• _WORK INSTRUCTIONS_:
Give back the full listing, character for character, with no pictures.

• _DATA SECTION_:

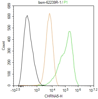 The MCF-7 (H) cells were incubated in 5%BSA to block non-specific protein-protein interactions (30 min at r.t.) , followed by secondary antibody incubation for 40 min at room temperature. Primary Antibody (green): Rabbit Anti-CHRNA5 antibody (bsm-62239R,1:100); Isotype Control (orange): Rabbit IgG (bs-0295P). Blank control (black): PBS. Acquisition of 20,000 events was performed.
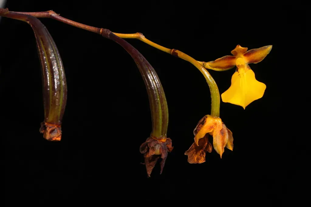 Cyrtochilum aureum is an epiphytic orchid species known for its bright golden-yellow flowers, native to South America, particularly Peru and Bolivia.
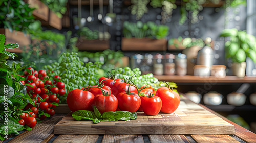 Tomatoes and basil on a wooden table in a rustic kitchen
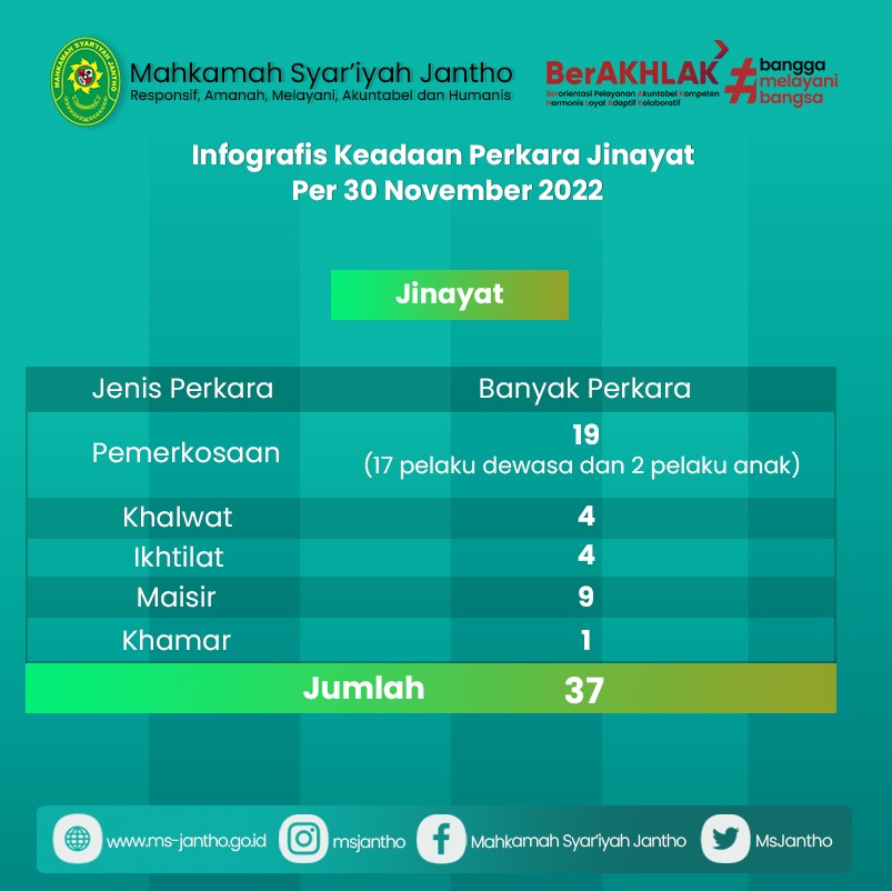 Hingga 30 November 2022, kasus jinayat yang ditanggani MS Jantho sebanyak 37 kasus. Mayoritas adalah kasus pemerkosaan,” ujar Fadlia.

• _ANSWER SPACE_:
 The MCF-7 (H) cells were incubated in 5%BSA to block non-specific protein-protein interactions (30 min at r.t.) , followed by secondary antibody incubation for 40 min at room temperature. Primary Antibody (green): Rabbit Anti-CHRNA5 antibody (bsm-62239R,1:100); Isotype Control (orange): Rabbit IgG (bs-0295P). Blank control (black): PBS. Acquisition of 20,000 events was performed.
 Cyrtochilum aureum is an epiphytic orchid species known for its bright golden-yellow flowers, native to South America, particularly Peru and Bolivia.
 Tomatoes and basil on a wooden table in a rustic kitchen
 Hingga 30 November 2022, kasus jinayat yang ditanggani MS Jantho sebanyak 37 kasus. Mayoritas adalah kasus pemerkosaan,” ujar Fadlia.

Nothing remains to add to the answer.